After computing RBFs, you can fit the pairwise hierarhical model (phm) to estimate the peak-pair-level prior probability:
$PHMDIR/bin/phm \
-i /path/to/your/output_file_bayeslm1.gz \
-c J,K,N4,B10 \
-r 85323 -f 2219 \
-o /path/to/your/output_directory_phm
The -c option specifies which column of output_file_bayeslm2.gz is used as input for phm. In this example, the first 2 columns are the peak ID for 5' and 3' ends, the 3rd column is the peak distance between paired peaks and the 4th column is the RBFs for the 10 different interaction sub-hypotheses (in the space separated format). The table below illustrates each column type and its description.
Column Type | Description |
---|---|
J | Peak ID at 5' end |
K | Peak ID at 3' end |
Cn | Categorical variable with n levels. If n is smaller than the actual number of levels, levels >n is treated as the level n. |
Nm | Numerical variable with m spline bases. The variable must be scaled in [0,1]. If m=0, then the variable is used as a linear predictor (not necessarily scaled in this case). |
B10 | Regional Bayes factors for the 10 interaction sub-hypotheses |
S | Skipped and unused in phm |
As outputs, you will obtain the posterior probability of each interaction hypothesis (pp.gz) and the probability of master regulator (pmr.gz). The following shows the column descriptions:
Column No. | Description (pp.gz) |
---|---|
1 | Peak ID at 5' end |
2 | Peak ID at 3' end |
3 | Two peaks are not QTL (null) |
4 | 5' Peak is QTL (single) |
5 | 3' Peak is QTL (single) |
6 | Two peaks are indelendent QTLs (linkage) |
7 | Two peaks are in pleiotoropic (pleiotropy) |
8 | 5' peak regulates 3' peak (causality) |
9 | 3' peak regulates 5' peak (causality) |
Column No. | Description (pmr.gz) |
---|---|
1 | Log Probability of master regulator (PMR) given that the peak is a QTL |
2 | Expected number of downstream peaks |
3 | Expected number of upstream peaks |
4 | Maximum a posteriori (MAP) parent peak ID |
5 | Log Posterior probability of causality for the MAP parent |
You first need to get the latest library from http://www.netlib.org/clapack/. Then, compile it like
tar zxvf clapack.tgz
cd CLAPACK-3.2.1
mv make.inc.example make.inc
make
When it has been done, you will find three archive files in the directory which need to be either linked or renamed, such as
ln -s lapack_LINUX.a liblapack.a
ln -s tmglib_LINUX.a libtmglib.a
ln -s blas_LINUX.a libblas.a
before compiling the pairwise hierarchical model.
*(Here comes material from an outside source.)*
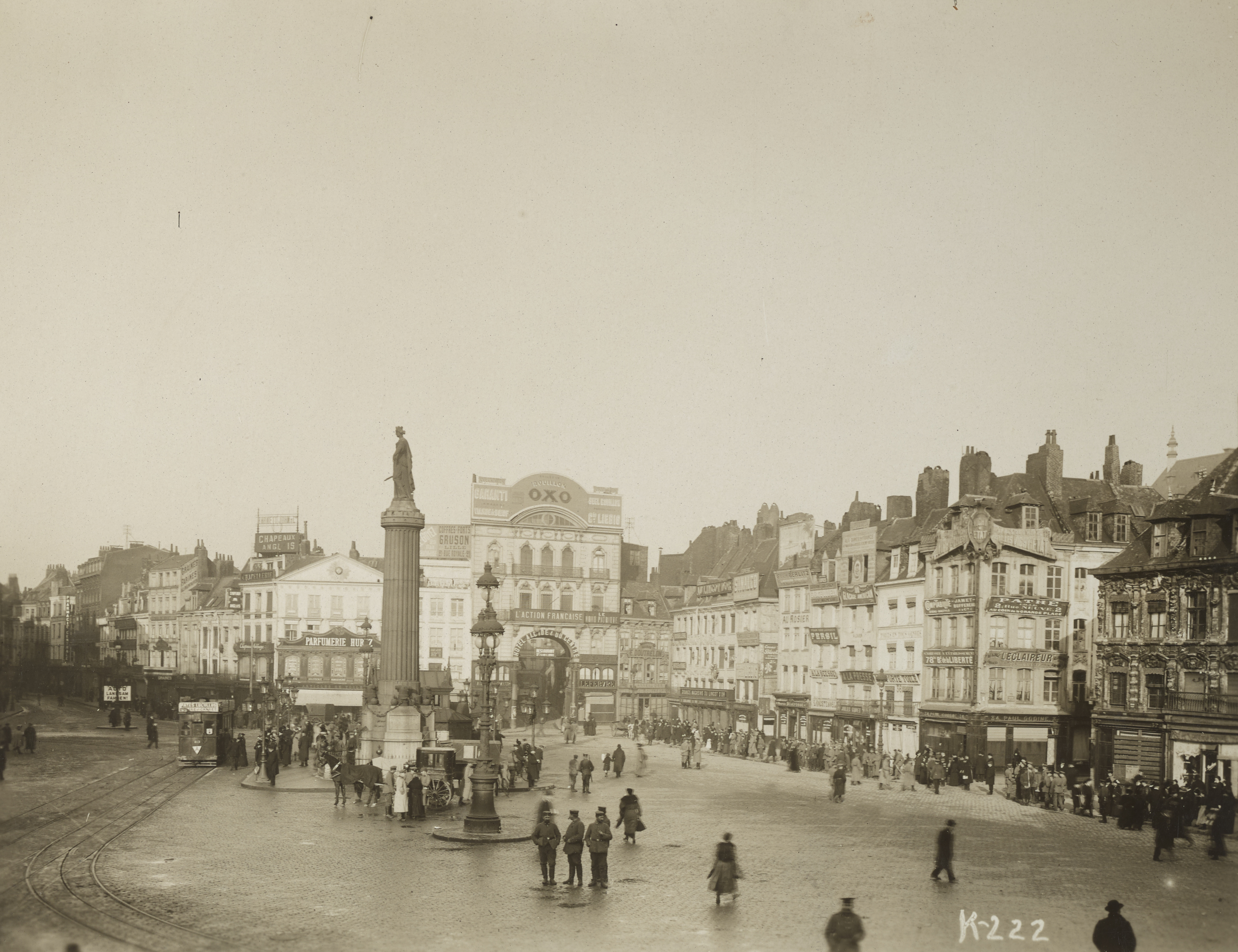 Scope and content: Photographer: Brown and Dawson
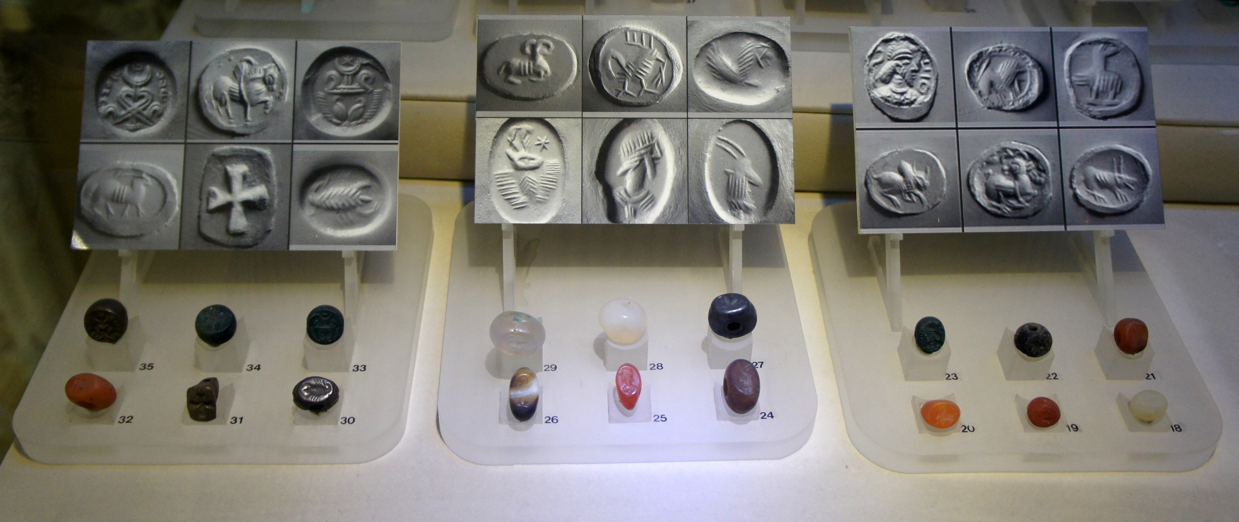 Persian seals from Sasanian era at Mohsen Moghaddam Museum in Tehran. Photo by Alireza Fard Asadi / Persian Dutch Network

You may also need to obtain GSL (GNU Scientific Library) from http://www.gnu.org/software/gsl/ (if it is not installed). Then, compile it like
tar zxvf gsl-*.*.tar.gz
cd gsl-*.*
./configure --prefix=$PWD
make
make install
Current hm only accepts the ID field to be sequencial and starting from 1. It is not allowed to use, for example, 2,3,4,...(starting from 2) or 1,2,4,...(a gap at 3).